Читаем Страх и наваждения полностью

Не знаю, как называется невысокая круглая подставка перед иконами, куда верующие ставят зажженные свечи, – но моя неумелая свеча раз за разом падала, как ни пыталась я ее приладить. Исчерпав наконец остатки терпения, я вернулась к прилавку, за которым сидела еще не старая послушница, одетая во все черное – вплоть до головного платка. Выслушав мою просьбу о помощи – уточнив: за здравие или за упокой? – она обронила: «Мается душа грешная, видно, трудная предстоит ей дорога»; и обведя меня неожиданно цепким взглядом, поджав сухие губы, предложила – как вариант – купить другую. Дороже, а следовательно, мощнее. Употреби она любое другое слово, скорей всего, так бы я и поступила – но она сама его выбрала, спровоцировав меня на действие, занявшее считаные минуты: столько, сколько потребовалось, чтобы дойти до круглой, заставленной горящими свечками подставки, достать смартфон, выбрать опцию «инструменты» и зажечь фонарик. У меня не было ни времени, ни желания проверить, много ли в смартфоне осталось заряда – уж никак не меньше, чем у старорежимной свечи.

В дверях, выходя из церкви, я обернулась, чтобы удостовериться, хватит ли родителям в дороге моего маленького карманного луча.

Пока я, усталая, но довольная, шла обратно к машине, память, используя очевидную телефонную рифму, вернула меня к давней истории, которая случилась в американском консульстве. Следуя ее подсказке, я, словно воочию, увидела их обоих: у пешеходного перехода по ту сторону Кирочной улицы (бывшей Салтыкова-Щедрина).

Принарядившиеся – отец в своей единственной черной «тройке»; мать в коричневом костюме «джерси», в который облачалась по самым торжественным случаям; оба помолодевшие от волнения. Позже, когда все закончилось, они признались мне, что, приняв приглашение, чувствовали себя кем-то вроде официальных лиц или дипломатов, кому доверено защитить честь своей великой страны. Могу засвидетельствовать: с этим трудным заданием они отлично, притом с завидной легкостью, справились, употребив обширные знания, которые копили долгие годы, словно бы в предвидении (или в предвкушении) подходящего случая.

Впрочем, это говорит дочь. Оценка стороннего наблюдателя, скорей всего, была бы скромнее. В сущности, если разложить этот мимолетный эпизод по косточкам, ничего не случилось – по крайней мере, ничего особенного, что позволяло бы расцветить его теми яркими красками, какими расцвечивает его моя память. Так бывало и, я уверена, будет еще не раз, когда в зале, полном записных знатоков, профессионалов своего дела, не найдется никого, кто – мгновенно, с лету, не прибегая к помощи гугла – переведет на родной русский язык редкое английское слово. В нашем случае – особый вид куропатки, что водится в южных графствах и в небольших количествах в отдельных отдаленных районах Уэльса и Шотландии, где – в отличие от большинства присутствующих, включая, надо думать, самого выступающего, – мои родители, сидевшие во втором ряду слева, не бывали отродясь.

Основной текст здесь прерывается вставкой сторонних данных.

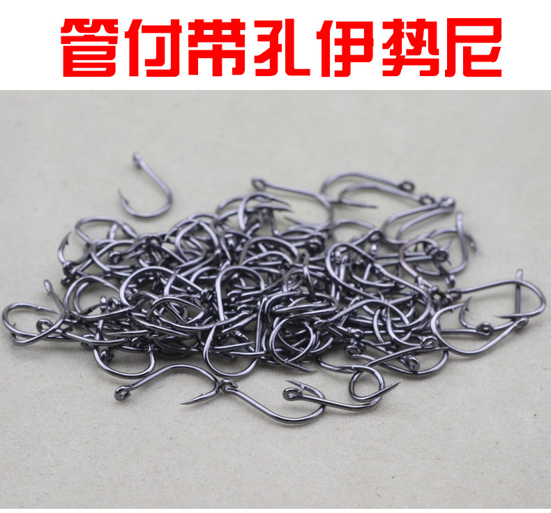 天猫管付伊势尼有倒刺带环带孔带圈鱼钩圈柄钓鱼钩散装鱼钩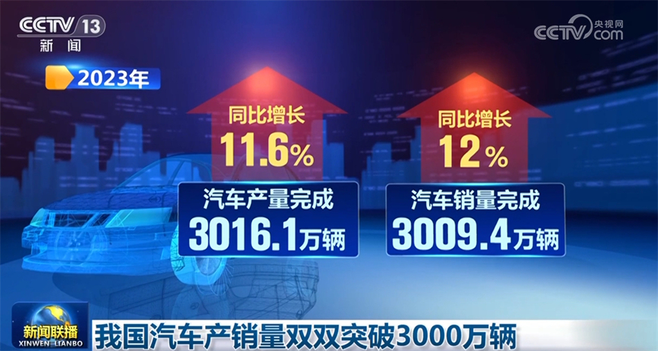 中國(guó)汽車工業(yè)協(xié)會(huì)1月11日發(fā)布的數(shù)據(jù)顯示,2023年,我國(guó)汽車產(chǎn)銷量首次雙雙突破3000萬輛,創(chuàng)歷史新高。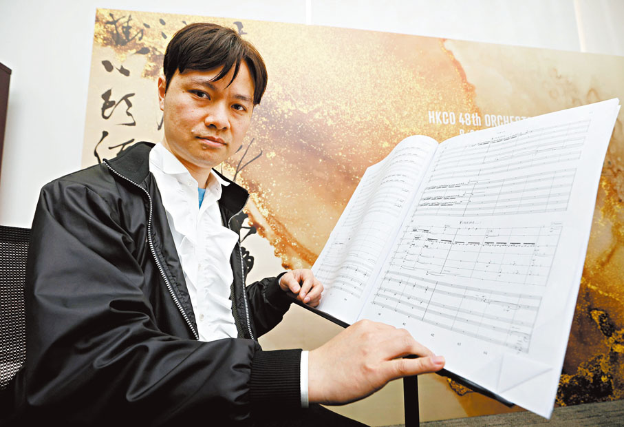 沈耀忠畢業於香港演藝學院作曲及電子音樂系,現為愛沙尼亞音樂及劇院學院作曲碩士生。他多才多藝,持小提琴、大提琴、樂理、電結他及搖滾鼓八級證書,亦懂演奏革胡、三弦琴、大阮等,還曾修讀中樂及西樂指揮課程。正是這豐富多彩的音樂歷程,使他在創作時既不忘傳統文化知識,又勇於開放思維靈活革新,將傳統與現代作曲技法巧妙融合。「我用傳統中國五聲音階宮、商、角、徵、羽去做和弦,而配器和和聲進行都很現代。現代音樂已經無分中西,大家共同都在創新。我還在樂曲中加入了一些中樂扮鴨子和海鷗聲音的元素,這是過往創作時不曾試過的。」

Хотя, Бог свидетель, я сделала все от меня зависящее, пытаясь отправить их в путешествие по стране, где язык Шекспира, Байрона и Шелли – не инструмент огораживания от окружающей действительности: английское enclosure – насильственная ликвидация общинных земель на раннем этапе развития капитализма, приводившая к стремительному обогащению считаного меньшинства и обнищанию бессчетного большинства (мои справедливые, взращенные на идеалах социализма родители ни при каком ветре не смогли бы этого одобрить), и даже не язык международного общения, объединяющего народы (к воображаемым родительским идеалам эта роль заметно ближе); а сама – порой приглядная, а порой не очень – действительность, куда я предлагала им на короткое время погрузиться; что называется, попробовать на зуб и на вкус.

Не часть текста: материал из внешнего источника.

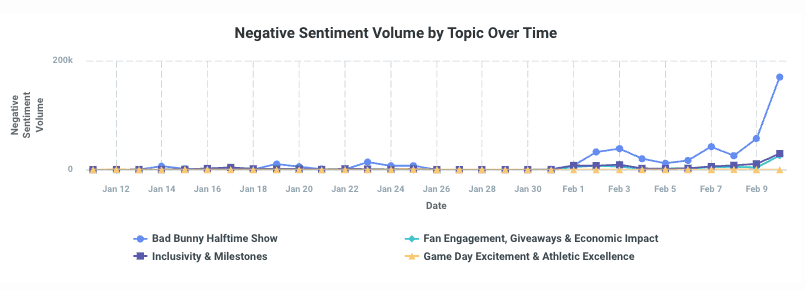 The Bad Bunny halftime show accounted for the highest volume of negative sentiment by a wide margin, peaking at 170,027 negative mentions on February 10, 2026. Smaller but consistent spikes occurred on February 2 (32,356), February 3 (38,514), February 7 (42,103), and February 9 (57,189), indicating sustained debate rather than a single-day reaction.

А они смущенно отнекивались: дескать, стоит ли тратиться на дорогие – дорогущие! – путевки, если все самое важное и интересное можно узнать, не выходя из дома, – имея в виду обширную коллекцию книг, занимавшую чуть не все, от пола до потолка, книжные полки в их маленькой комнате, куда меня не допускали, как в святая святых.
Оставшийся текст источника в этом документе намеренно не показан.